A lot depends on how deep, and how long the recession extends. In the 1980s, when a global slowdown hit all sectors of the economy, there were stories of Ph.D.s forced to pack groceries to make ends meet. During the 1990s recession, any manufacturer that said it was hiring would attract thousands of applicants who’d line up around the block just for a chance at an interview.
But even if the unemployment rate doesn’t reach into the double digits this time around, some economists worry the effect on the economy could be just as bad. That’s because the quality of jobs has been deteriorating for months now. “The unemployment rate is masking much more severe difficulties,” says Benjamin Tal, an economist with CIBC World Markets. “You have to look at not just the number of jobs being created, but also the quality of those jobs, and we’ve seen a significant decline over the last six months.” By that he means more and more workers are being forced to switch to part-time positions, or into “forced self-employment.” They earn a lower income, but don’t show up in the unemployment numbers. “You can make an argument that many of those self-employed people are actually unemployed, because they’re not making very much money.” And he expects job quality to continue to deteriorate for at least another six months.
Which means those hoping for a fast recovery are likely to be disappointed. With older workers delaying retirement, and hundreds of thousands of young workers and immigrants entering the labour force over the next two years, the days of multiple job offers and hardball salary negotiations are over.
For workers like 50-year-old Jaspal Brar, a line worker at Chrysler’s plant in Brampton, it’s a scary time. On Dec. 19 the company shut down all its plants in North America for one month. He doesn’t know what he’ll do if the layoffs at his plant become permanent. “The expectation and hope is that the company will survive and we’ll be able to get through this,” he says. But after a pause, he adds, “Sometimes it’s easier to just block the thought from your mind, because you don’t want to face reality.”
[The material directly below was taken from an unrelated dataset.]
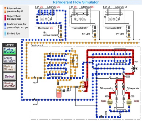 Die VRV CO 2 wurde mit einem neuen optimierten Kältekreislauf ausgestattet, der aus einem zweistufigen Unterkühlerkreislauf sowie einem Gaskühler besteht, der eine maximale Wärmeübertragung zwischen dem CO 2 Gas und der Außenluft gewährleistet. Zusätzlich wurde die Rohrdimension im Vergleich zu den R 410 A-VRV-Systemen verkleinert.

The reality is no one knows for certain how hard hit the Canadian job market will be during this recession. If the economists are right, the pain will be brief and the country will return to prosperity sometime later this year or early in 2010. But time and again during this crisis, early optimism about Canada’s resilience has proved misguided. So for those asking the question, “Is my job safe?” the answer will come soon enough. Fingers crossed, the news will be good.